Basic Machine Learning Terminology

Here are some of the most common machine learning concepts:

Labels

Labels are the conclusions we’re trying to make about data via machine learning. For example: if we’re using machine learning to determine whether a a house is overpriced or underpriced, “overpriced” or “underpriced” might be the label. That label is something we determine by analyzing features. Features can be considered the inputs (eg: square feet, neighbourhood, age of house, etc), while labels are the conclusion we draw from features (underpriced or overpriced).

Features

Features are the individual inputs we consider to generate machine learning conclusions (labels). For example: if we’re trying to determine whether a house is overpriced or underpriced, we might consider features such as size of house, age of house, neighbourhood, etc

Examples

An example is a specific instance of data. Eg: for estimating house price, an example would be data related to an individual house.
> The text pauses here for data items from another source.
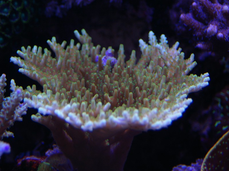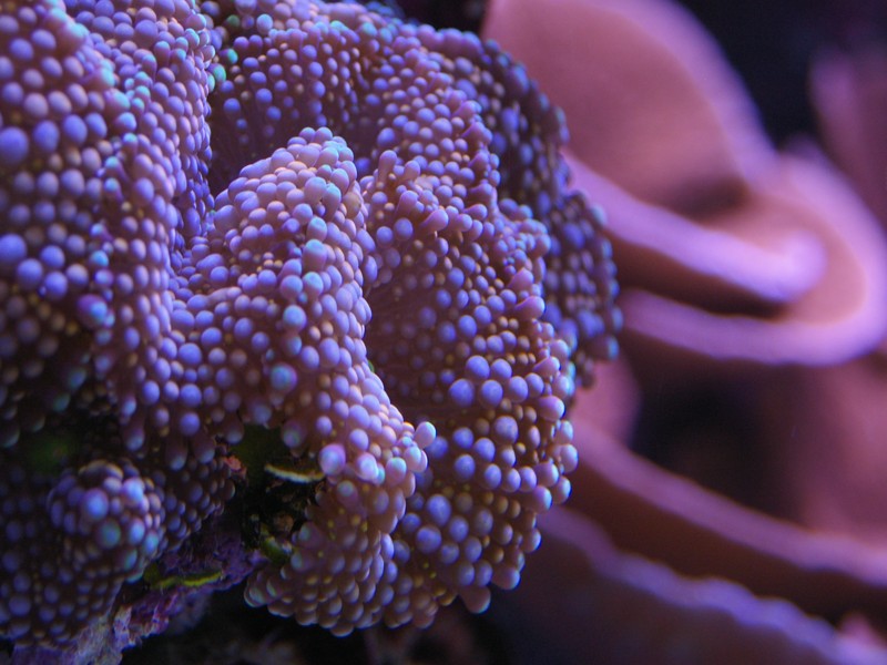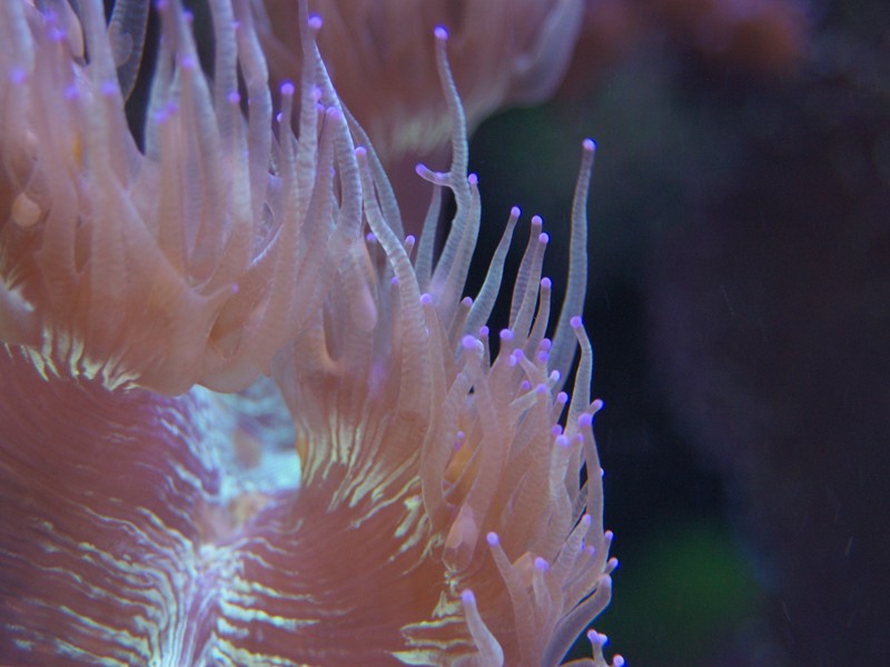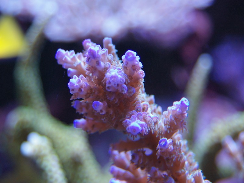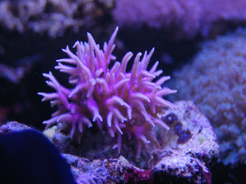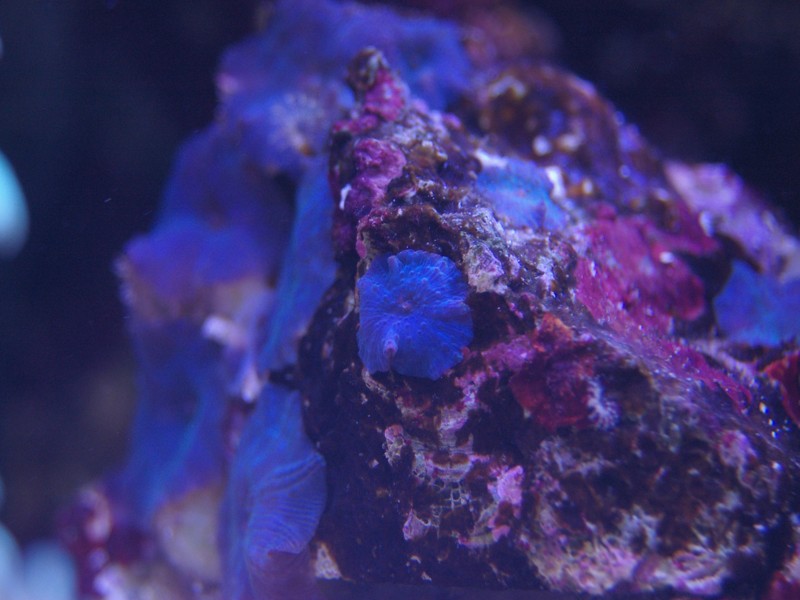 Som dekoration er naturligvis også et mindre antal levende sten, som jeg har beholdt. Mest fordi der lever koraller på. Da jeg startede akvariet op, lagde jeg 50 % af mine levende sten, fra det tidligere akvarie, ned blandt keramik søjlerne for at seede akvariet med min eksisterende biologi, men disse er efterhånden taget op alle sammen.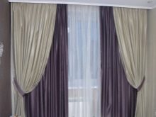 - Двойната завеса изглежда много интересна и необичайна, ако фиксирате едноцветна половина и плат с отпечатък до нея. Този дизайн ще бъде подходящ в стила на Прованс..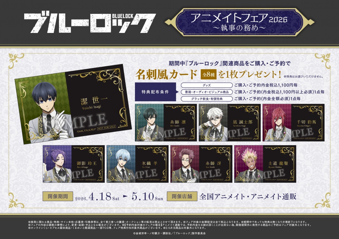 <26/4/18>より【TVアニメ『ブルーロック』アニメイトフェア2026 ~執事の務め~】が開催!⚽️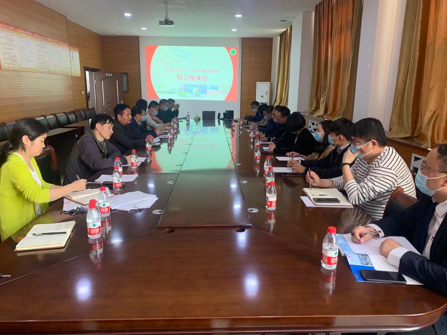 为加强校企合作,深化产教融合,加快高质量的教育体系建设,促进2021届毕业生就业工作稳步推进。4月17日下午,公司在化学楼243会议室举行了校企合作座谈会。化学与环境工程公司党委副书记贺国旭,副经理韩永军,化学工程与工艺教研室主任王莉,材料科学与工程教研室主任曹可生,就业专干石培琳,多家企业代表与毕业生代表参加了本次座谈会。
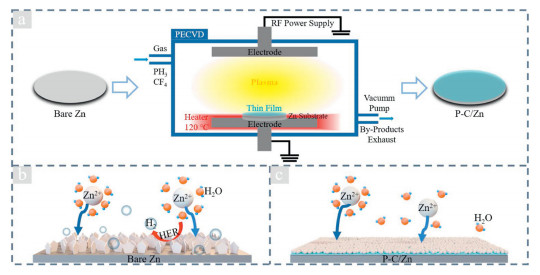 • Figure 1  (a) Schematic diagram of P-C/Zn synthesis process. Illustration of the different electrochemical behaviors between the (b) bare Zn and (c) the optimized P-C/Zn electrodes. Hydrogen evolution reaction (HER).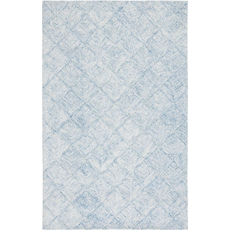 Elevate your space with this hand-tufted wool area rug, featuring a modern abstract design in grey and turquoise. Its texture-rich loop pile offers a comforting feel underfoot, making it a perfect addition to any room.
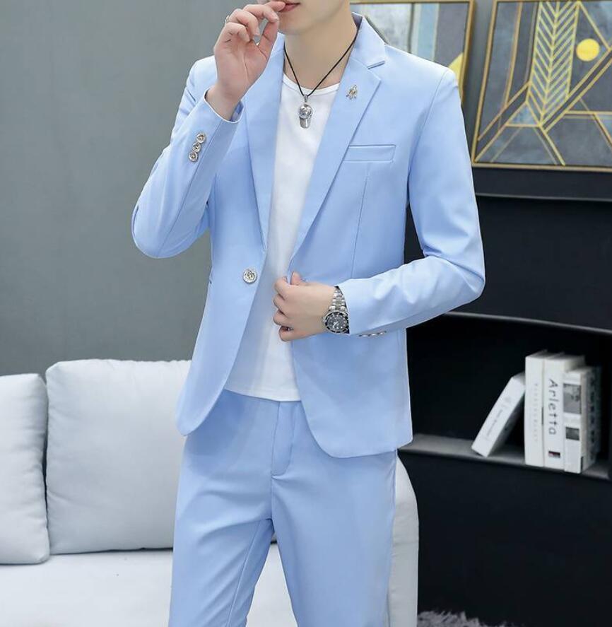 - 春秋新品 /カジュアルスーツ メンズ セットアップ サマースーツ おしゃれ サマージャケット テーラード 長袖 お色選択可/ブルー

That data may be a labeled example (one where we have made a price estimate), or an unlabeled example (one where we have input data, but have not drawn any conclusions)

Models

A machine learning model is the solution used to draw conclusions from data. It is generated by running a machine learning algorithm. The output of running the algorithm over a set of data generates the model

Regression

Regression refers to machine learning problems that output continuous values (eg: most commonly, numbers). Regression models may predict things such as price, size, area, age, etc.

Classification

As opposed to regression models, classification models predict categories that data may belong in. Eg: nationality, spam or not spam, animal type, etc.